# New Construction window installation questions



## Mark Harvey (Apr 20, 2009)

Not sure I totally understand your issue but here are the basics. Assuming you've removed the window and the opening is the same for the new replacement window, the new window should go in from the outside. Most new windows come with a pre-attached brickmold or nailing strip (to be screwed not nailed). The existing frame should be fine unless it became wet or damaged. On the inside, the drywall should be the first thing you see, then, underneath there should be a plastic vapout barrier, then your insulation. The insulation should be tight to the frame and the vapour barrier should be sealed to the frame so there is no air movement around the wall/frame area. There may (and should be) some room between the new window and the existing frame (about 1/4" all around). This allows for levelling and plumbing the window. Once the window is shimmed and where you want it, I'd suggest spraying "Great Stuff" , a foam expanding insulation, around the 1/4" gap.
Once that is done, your inside window casing should cover the gap area and your done.
Hope this helps.


----------



## jogr (Jul 24, 2007)

Mark, you totally forgot the most important part - flashing the exterior.

Gone fishing, your window manufacturer will have detailed instructions on how they want you to flash the windows. Follow those instructions carefully if you want them to stand behind their warranty.

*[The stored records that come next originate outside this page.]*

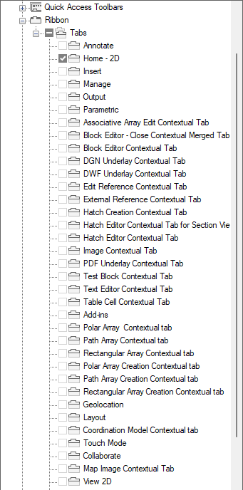 Use the CUI Editor to control the display of the Quick Access toolbar, ribbon tabs and panels, tool palettes, toolbars, and pull-down menus.
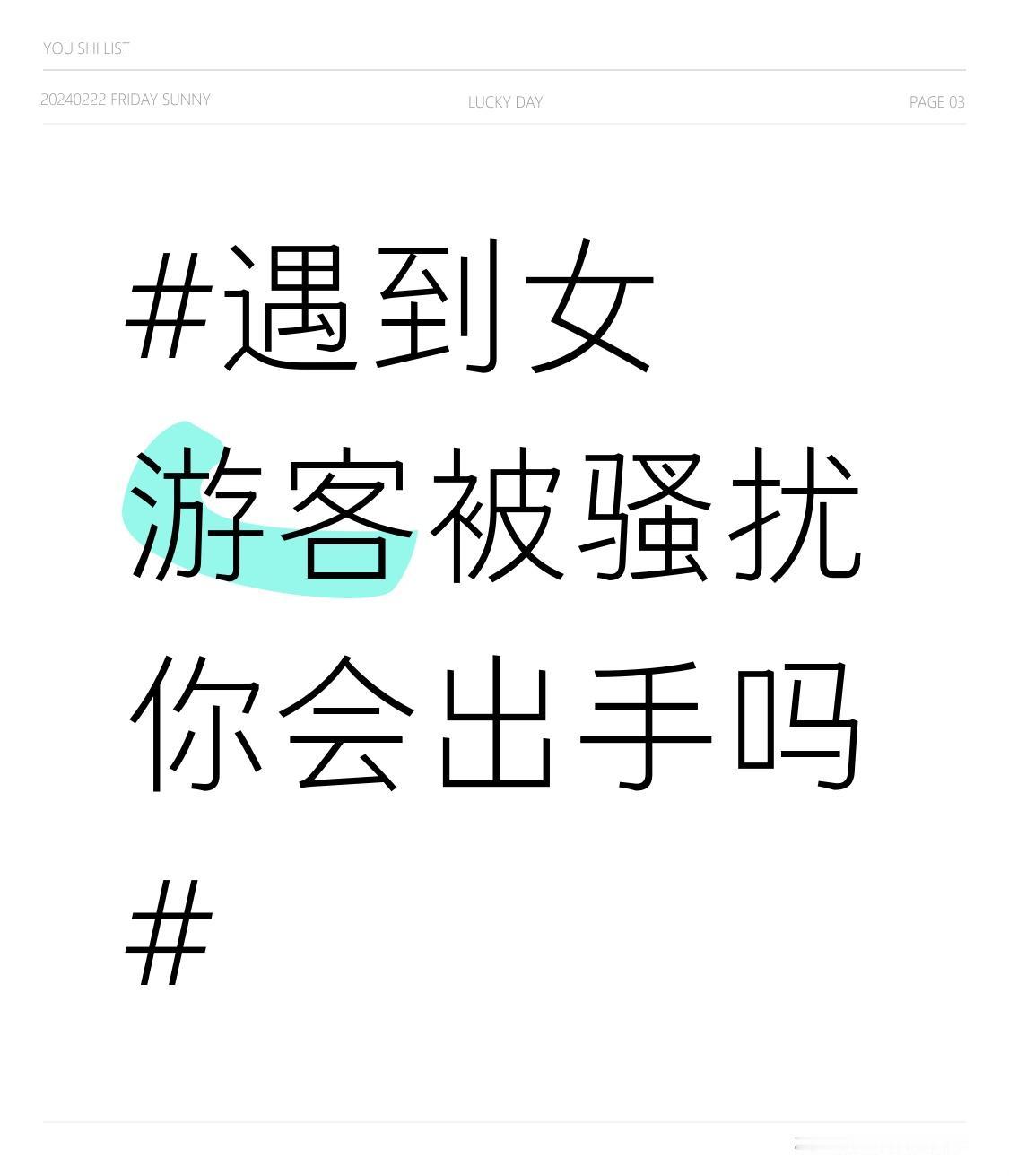 遇到女游客被骚扰,我肯定会出手。之前看到葡萄牙女游客在泰国海滩被印度男骚扰,她硬气放话“别碰我,不然我会揍你”,自己维护自己值得点赞,但旁人出手也很必要。 还有在高铁上,有男子一直骚扰旁边的漂亮小姐姐,另一位男士挺身而出制止,还担心后续又去找乘务员给小姐姐换位置。这种勇敢站出来的行为太暖了。女性遭遇骚扰本就担惊受怕,我们不能冷眼旁观,该出手时就出手,让坏人知道这种行为不被容忍,也给女性多一份安全保障。
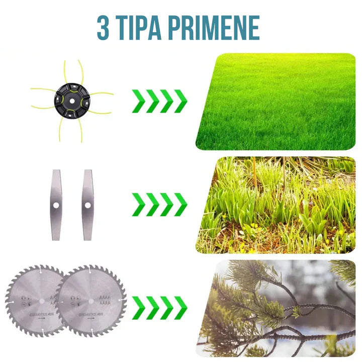 Zahvaljujući snažnom motoru sa do 18.800 obrtaja u minuti, ovaj trimer lako savladava i najtvrdokornije biljke. Nije namenjen samo za travu – idealan je i za korov, šiblje i drugo rastinje.

Most window manufacturers have a website from which you can easily download the installation instrutions.


----------



## Clutchcargo (Mar 31, 2007)

http://www.na.graceconstruction.com/custom/flashings/downloads/26324_Guide-B.pdf


----------



## Mark Harvey (Apr 20, 2009)

Jogr,
You're


----------



## gone_fishing (Jan 5, 2008)

I know how the flash the window...thanks for the guide though...very good reference. The sheathing and studs are water damaged and have mold on them. On the exterior of the current sheathing there is rigid foam before the siding. My question was should I put tar paper over the plywood sheathing and/or over the foam. Next question, when I go to install the window do I nail right through the rigid foam or put a strip of 1x3 around the opening as a nailer?


----------



## Tom Struble (Dec 29, 2008)

i would definatly put the paper over the ply,then either tape the seams of the foam or put a housewrap over it
you can nail the window over the foam


----------



## Clutchcargo (Mar 31, 2007)

Put plywood around the opening so that you have something solid to nail the window to. Then butt the foam right up next to the plywood. Of coarse the plywood (or whatever nailer you use) needs to be the same thickness as the foam. Don't nail the window to the foam board. You may want the nailer a little wider if you're putting up trim after the window install.


----------



## jomama45 (Nov 13, 2008)

tomstruble said:


> i would definatly put the paper over the ply,then either tape the seams of the foam or put a housewrap over it
> you can nail the window over the foam


 
Right on Tom, & I would add to the OP that I would suggest foil faced foam, as it's easier to tape seams on. New const. windows are installed over foam on new homes all the time w/o issue.


----------



## gone_fishing (Jan 5, 2008)

Update...I ended up putting plywood, tar paper with 6" overlap, foam board, tyvek with taped seams. I used 1/2" plywood around the window as a nail strip. Almost everything went smooth. I rushed my nailer cuts so I needed to trim them back so I could install the window. Pictures to come soon.


----------



## gone_fishing (Jan 5, 2008)




----------